Your objective:
Go through the records line by line from the top and repeat each one exactly, ending with the line that contains "相信很多侠士都在游戏中看到了".

START Supplied material

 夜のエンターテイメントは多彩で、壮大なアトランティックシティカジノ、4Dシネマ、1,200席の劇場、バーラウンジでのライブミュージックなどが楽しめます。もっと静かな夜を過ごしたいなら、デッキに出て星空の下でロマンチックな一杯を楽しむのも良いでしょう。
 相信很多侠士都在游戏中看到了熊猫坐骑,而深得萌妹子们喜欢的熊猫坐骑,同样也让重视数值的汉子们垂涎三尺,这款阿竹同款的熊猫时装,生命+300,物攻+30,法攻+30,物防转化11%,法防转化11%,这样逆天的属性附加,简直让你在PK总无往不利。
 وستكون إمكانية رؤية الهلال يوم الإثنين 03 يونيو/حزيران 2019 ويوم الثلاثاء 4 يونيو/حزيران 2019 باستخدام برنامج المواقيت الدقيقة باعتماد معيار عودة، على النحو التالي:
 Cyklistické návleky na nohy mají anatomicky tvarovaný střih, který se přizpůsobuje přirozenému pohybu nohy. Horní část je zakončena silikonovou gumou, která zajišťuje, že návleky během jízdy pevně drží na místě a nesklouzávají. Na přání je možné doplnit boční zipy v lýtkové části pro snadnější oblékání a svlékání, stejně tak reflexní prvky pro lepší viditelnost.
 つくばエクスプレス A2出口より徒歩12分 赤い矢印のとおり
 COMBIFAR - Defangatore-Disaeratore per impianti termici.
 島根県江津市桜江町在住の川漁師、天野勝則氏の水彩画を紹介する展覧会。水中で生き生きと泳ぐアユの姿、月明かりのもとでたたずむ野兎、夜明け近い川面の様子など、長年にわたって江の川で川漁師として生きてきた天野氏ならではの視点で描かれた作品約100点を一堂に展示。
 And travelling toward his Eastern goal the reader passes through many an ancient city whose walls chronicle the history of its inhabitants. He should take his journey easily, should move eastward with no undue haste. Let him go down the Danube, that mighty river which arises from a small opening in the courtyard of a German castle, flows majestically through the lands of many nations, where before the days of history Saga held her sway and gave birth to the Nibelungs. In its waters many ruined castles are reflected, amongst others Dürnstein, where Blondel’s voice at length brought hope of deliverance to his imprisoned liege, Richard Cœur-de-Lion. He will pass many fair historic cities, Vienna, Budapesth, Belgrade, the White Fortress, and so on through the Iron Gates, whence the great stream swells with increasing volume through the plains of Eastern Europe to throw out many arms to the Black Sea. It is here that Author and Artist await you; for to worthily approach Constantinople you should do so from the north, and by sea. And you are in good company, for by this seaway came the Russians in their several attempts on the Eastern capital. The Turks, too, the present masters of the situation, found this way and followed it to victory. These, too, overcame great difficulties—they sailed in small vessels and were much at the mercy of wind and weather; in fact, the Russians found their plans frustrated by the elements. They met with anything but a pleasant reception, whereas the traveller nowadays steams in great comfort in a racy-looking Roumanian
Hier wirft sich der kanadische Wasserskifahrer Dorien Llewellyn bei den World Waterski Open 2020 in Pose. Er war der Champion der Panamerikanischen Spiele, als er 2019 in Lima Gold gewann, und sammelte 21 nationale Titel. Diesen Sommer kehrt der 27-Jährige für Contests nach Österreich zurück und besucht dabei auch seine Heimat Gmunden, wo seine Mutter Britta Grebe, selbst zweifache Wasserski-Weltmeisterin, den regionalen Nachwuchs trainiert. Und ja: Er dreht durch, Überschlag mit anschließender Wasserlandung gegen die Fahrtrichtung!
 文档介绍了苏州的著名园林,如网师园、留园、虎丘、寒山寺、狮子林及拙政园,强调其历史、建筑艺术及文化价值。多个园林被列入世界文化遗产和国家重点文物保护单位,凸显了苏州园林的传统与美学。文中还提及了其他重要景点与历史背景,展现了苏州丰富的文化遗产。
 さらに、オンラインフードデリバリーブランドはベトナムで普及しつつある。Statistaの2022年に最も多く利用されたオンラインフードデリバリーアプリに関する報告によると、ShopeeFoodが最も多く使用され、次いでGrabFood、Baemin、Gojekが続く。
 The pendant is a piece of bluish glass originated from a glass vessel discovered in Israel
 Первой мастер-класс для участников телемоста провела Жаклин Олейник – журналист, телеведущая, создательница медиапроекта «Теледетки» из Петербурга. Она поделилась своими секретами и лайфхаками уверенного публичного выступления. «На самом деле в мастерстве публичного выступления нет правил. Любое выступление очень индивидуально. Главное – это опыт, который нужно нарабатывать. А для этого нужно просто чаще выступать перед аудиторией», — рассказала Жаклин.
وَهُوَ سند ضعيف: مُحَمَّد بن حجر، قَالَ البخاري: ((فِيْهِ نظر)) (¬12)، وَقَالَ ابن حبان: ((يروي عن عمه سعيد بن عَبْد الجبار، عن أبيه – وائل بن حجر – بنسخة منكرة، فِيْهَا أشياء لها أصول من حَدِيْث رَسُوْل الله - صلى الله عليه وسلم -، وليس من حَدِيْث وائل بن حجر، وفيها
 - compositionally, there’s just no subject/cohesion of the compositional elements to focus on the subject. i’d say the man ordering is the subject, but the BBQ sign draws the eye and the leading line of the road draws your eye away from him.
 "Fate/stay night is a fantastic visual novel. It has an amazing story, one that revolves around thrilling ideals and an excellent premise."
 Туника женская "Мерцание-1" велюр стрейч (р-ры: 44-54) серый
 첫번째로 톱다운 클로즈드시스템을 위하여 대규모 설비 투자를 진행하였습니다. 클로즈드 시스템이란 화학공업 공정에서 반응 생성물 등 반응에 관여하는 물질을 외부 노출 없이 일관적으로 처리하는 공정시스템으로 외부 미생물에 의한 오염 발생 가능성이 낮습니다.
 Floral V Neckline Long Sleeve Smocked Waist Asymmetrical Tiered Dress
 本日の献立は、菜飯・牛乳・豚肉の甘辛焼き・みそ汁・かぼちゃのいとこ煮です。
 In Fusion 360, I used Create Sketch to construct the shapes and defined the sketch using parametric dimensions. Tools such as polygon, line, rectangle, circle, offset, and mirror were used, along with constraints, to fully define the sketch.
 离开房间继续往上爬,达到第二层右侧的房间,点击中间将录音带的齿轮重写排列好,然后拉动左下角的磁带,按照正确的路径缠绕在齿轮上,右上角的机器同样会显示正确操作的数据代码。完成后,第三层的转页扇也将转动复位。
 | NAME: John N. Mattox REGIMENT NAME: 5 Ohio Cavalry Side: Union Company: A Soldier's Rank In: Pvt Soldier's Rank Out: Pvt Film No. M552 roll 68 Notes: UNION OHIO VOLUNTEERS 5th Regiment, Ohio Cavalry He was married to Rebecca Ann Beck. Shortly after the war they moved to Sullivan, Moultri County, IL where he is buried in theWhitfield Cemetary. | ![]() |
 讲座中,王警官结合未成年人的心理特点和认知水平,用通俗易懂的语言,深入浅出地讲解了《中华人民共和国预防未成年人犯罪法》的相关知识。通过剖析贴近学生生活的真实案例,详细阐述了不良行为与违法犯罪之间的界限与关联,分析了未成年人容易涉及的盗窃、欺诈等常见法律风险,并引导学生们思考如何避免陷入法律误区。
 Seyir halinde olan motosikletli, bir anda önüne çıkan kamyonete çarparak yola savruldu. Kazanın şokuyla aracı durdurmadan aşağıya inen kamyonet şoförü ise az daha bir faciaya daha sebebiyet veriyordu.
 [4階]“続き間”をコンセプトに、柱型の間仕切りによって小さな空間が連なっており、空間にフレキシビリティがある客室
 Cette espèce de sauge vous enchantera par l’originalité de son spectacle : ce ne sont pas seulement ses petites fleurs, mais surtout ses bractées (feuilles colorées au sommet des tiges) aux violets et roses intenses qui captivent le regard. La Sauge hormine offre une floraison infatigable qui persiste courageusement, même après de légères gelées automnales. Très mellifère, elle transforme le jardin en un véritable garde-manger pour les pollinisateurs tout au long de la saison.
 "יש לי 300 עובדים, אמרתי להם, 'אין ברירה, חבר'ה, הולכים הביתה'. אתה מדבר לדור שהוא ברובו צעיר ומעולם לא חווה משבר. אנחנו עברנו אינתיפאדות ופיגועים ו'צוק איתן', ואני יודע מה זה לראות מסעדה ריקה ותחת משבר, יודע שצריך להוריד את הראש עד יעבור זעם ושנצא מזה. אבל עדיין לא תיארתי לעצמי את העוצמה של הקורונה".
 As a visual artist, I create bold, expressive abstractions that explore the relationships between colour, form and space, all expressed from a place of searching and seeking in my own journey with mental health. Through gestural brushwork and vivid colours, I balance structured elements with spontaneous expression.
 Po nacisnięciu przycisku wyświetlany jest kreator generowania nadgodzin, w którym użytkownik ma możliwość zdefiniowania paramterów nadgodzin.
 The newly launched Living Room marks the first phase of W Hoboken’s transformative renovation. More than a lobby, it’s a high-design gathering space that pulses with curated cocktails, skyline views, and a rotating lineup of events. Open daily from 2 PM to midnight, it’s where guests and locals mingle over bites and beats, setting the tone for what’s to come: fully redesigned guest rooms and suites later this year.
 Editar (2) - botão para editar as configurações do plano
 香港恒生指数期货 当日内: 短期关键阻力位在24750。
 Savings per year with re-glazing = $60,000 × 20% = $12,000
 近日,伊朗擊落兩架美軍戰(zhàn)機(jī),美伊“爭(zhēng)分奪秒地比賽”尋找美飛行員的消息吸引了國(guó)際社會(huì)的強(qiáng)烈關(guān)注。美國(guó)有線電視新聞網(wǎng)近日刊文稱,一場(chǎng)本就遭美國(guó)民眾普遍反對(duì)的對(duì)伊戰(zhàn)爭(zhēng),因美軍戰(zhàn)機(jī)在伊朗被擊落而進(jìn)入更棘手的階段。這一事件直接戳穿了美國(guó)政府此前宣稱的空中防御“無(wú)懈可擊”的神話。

END Supplied material

Response below:
 夜のエンターテイメントは多彩で、壮大なアトランティックシティカジノ、4Dシネマ、1,200席の劇場、バーラウンジでのライブミュージックなどが楽しめます。もっと静かな夜を過ごしたいなら、デッキに出て星空の下でロマンチックな一杯を楽しむのも良いでしょう。
 相信很多侠士都在游戏中看到了熊猫坐骑,而深得萌妹子们喜欢的熊猫坐骑,同样也让重视数值的汉子们垂涎三尺,这款阿竹同款的熊猫时装,生命+300,物攻+30,法攻+30,物防转化11%,法防转化11%,这样逆天的属性附加,简直让你在PK总无往不利。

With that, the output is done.